Ancora says that scheduled railroading implemented by "qualified individuals" is safe and can increase profitability. Barber, the firm's choice for CEO, doesn't have railroad experience, but was a longtime executive at UPS, which counts one-third of all U.S. Teamsters as employees. Boychuk worked under Harrison, who pioneered PSR, at Canadian National.
Norfolk Southern has highlighted Barber's lack of experience as a railroad executive and noted in its proxy filings that Boychuk remains under a non-compete agreement with CSX, one of Norfolk Southern's rivals, through the end of the year.
Ancora told CNBC that Boychuk's non-compete was expiring and that during his tenure, CSX outperformed "Norfolk Southern on every key operational, service, and safety metric." In an analyst note Tuesday, Deutsche Bank said it expects CSX would negotiate a release if Ancora's slate were to emerge victorious.

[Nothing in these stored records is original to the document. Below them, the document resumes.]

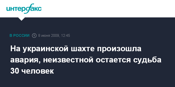 Об этом агентству "Интерфакс-Украина" сообщил источник в Госгорпромнадзоре Украины в Донецкой области. Более точных данных об аварии пока нет, отметил он. По данным источника, на аварийном участке находилось предположительно 53 человека. По предварительным данным 18 вышли на поверхность. Судьба остальных остается не известной.
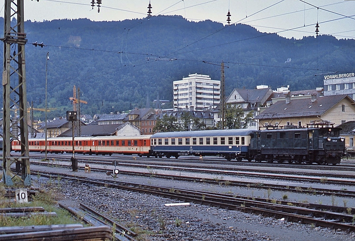 Mit einem Regionalzug aus Lindau trifft 1670.24 im August 1982 in Bregenz ein, an erster Stelle hinter der Lok der DB-Kurswagen Kiel - Schruns
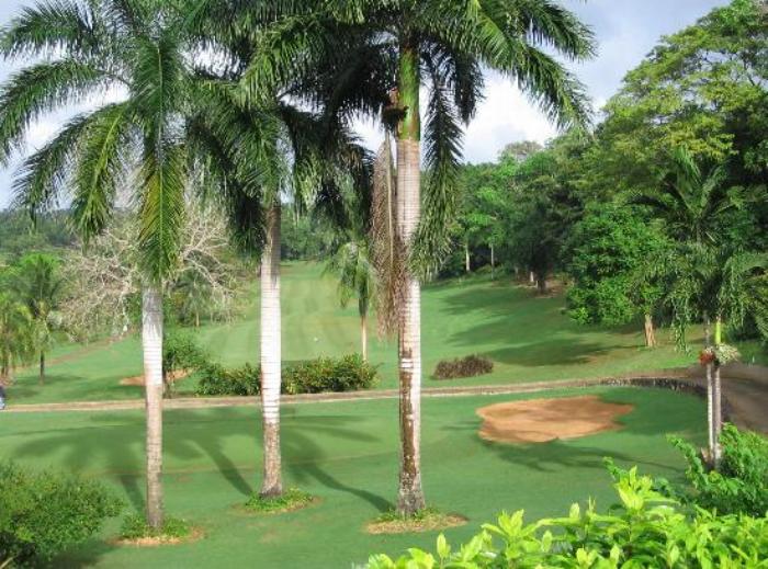 | There are two Golf Courses in our area: Sandals Golf & Country Club - located in the hills close by, this course with its narrow fairways, offers a challenging test of your game. Telephone: 876-975-0119 $100 greens fees or $70 for 9 holes Mandatory Caddie - $15 & $12 Optional Cart - $38 & $25 Club rental - $17 (Wilson Pro-staff) or $45 (Callaway X-14s) SuperClubs Golf Club - part of the Breezes Resort in Runaway Bay, offers a championship caliber 18-hole golf course Telephone: 876-973-7319 $80 greens fees or $50 for 9 holes Caddie - $14 & $9 Cart - $35 & $23 Club rental - $14 The Blue House Ocho Rios Jamaica offers a Guys on the Green vacation for men which includes two rounds of golf per guest and an After Golf massage. |
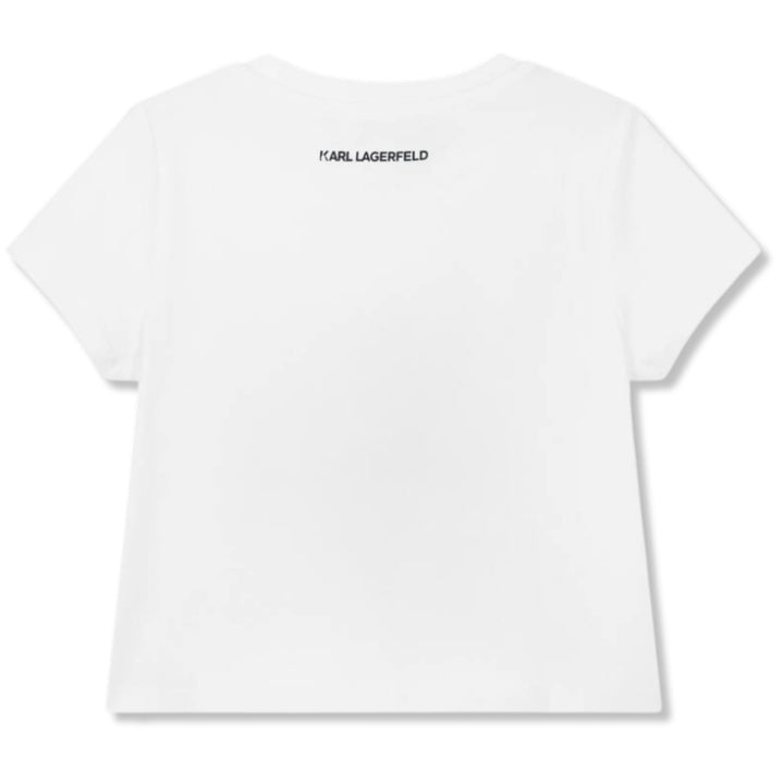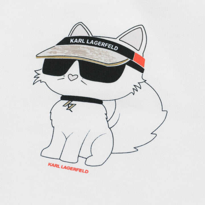 White jersey T-shirt for girls by KARL LAGERFELD KIDS, with the designer beloved Choupette on the front. Super soft and comfortable, this casual tee is made in a blend of organic cotton and modal.
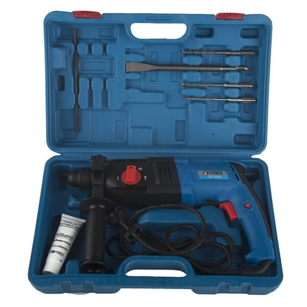 Перфоратор предназначен для безударного и ударного сверления отверстий в различных материалах (при использовании соответствующих сверл и буров), а также для работы в режиме долота (при установке соответствующего инструмента). Уверенное ударное сверление в бетоне и кирпичной кладке, долбление, сверление и заворачивание, использование в качестве миксера. А также легко справляется с демонтажными работами, с штроблением под кабельную разводку или снятие старой керамической плитки. Удобное переключение реверса не выпуская инструмент из рук для сохранения темпа работ в прямом и обратном направлении вращения повышает производительность труда. Быстрая переустановка боковой рукоятки одной рукой и ограничение сверления до необходимой глубины повышает комфорт и качество работ. Предохранительная муфта разъединяет редуктор и мотор при заклинивании оснастки для защиты пользователя.
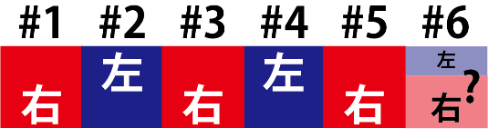 *規則性:「右→左→右→」と5番目まで来たら、あなたは6番目はどっちが来ると思いますか?これが規則性を作って、相手に次を予測させる規則性を利用した戦略です。
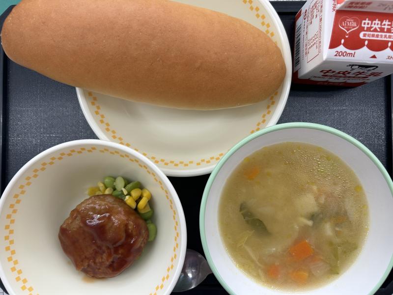 今日の給食は、ミルクロール、ハンバーグのワインソースかけ、えだまめとコーンのソテー、ABCマカロニスープです。
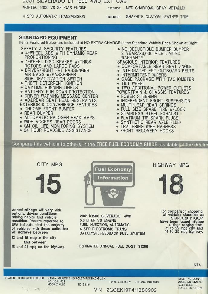 *Vehicle Make, Model, Year: 2001 chevy silverado ecsb lt 4x4 5.3
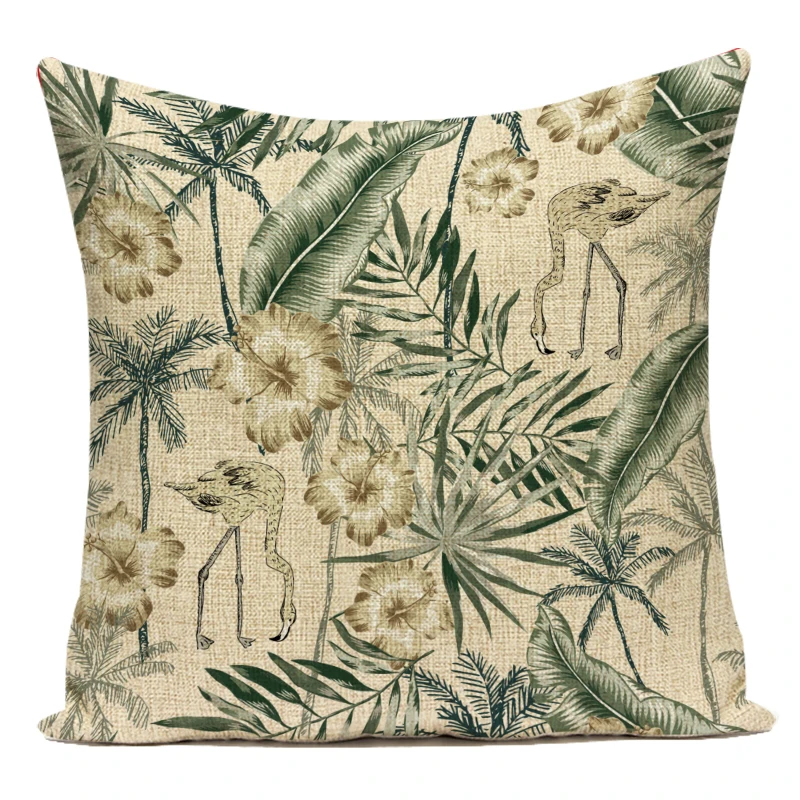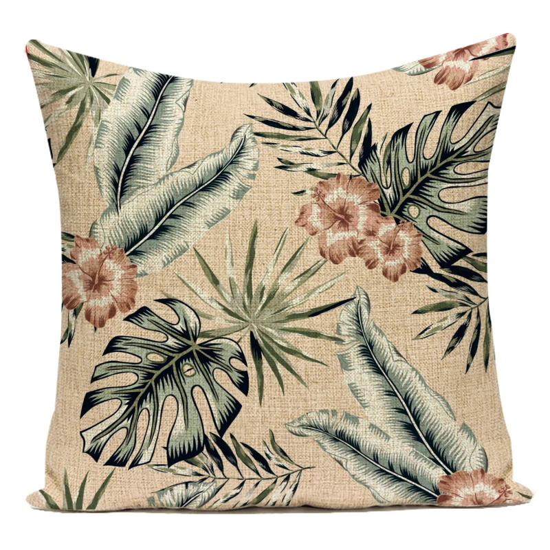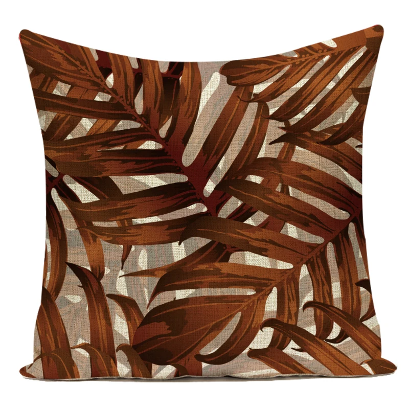 Декоративный чехол для дивана, наволочка из полиэстера с тропическими растениями, листьями пальмы, зелеными и коричневыми листьями, наволочка для гостиной

While the battle between Ancora and Norfolk Southern only recently became public, the activist investor has been seeking Shaw's removal for some time, proxy filings show.
Ancora's counsel indicated that the firm planned to nominate a rival board slate in November, and first met with some of Norfolk Southern's board a month later.
A series of meetings through January and February didn't produce a settlement. One set of meetings was conducted to allow current board members to meet with and interview Ancora's nominees. Ancora told CNBC's those meetings averaged about 20 minutes.
Earlier this month, Ancora's Chadwick told Amy Miles, Norfolk Southern's lead independent director, that any settlement would have to include Shaw's ouster, filings show. Miles and another director, Claude Mongeau, said the board didn't think a CEO change was "responsible" but that it was open to some board changes. Ancora told CNBC it made "sincere attempts" to settle and that it would have accepted minority representation if the board replaced Shaw.
Chadwick told CNBC's Leslie Picker last week that Ancora had nominated a rival slate of directors and was seeking an overhaul in the company's top ranks. Norfolk Southern has yet to set a date for the annual shareholder meeting.
Disclosure: Heidi Heitkamp is a CNBC contributor.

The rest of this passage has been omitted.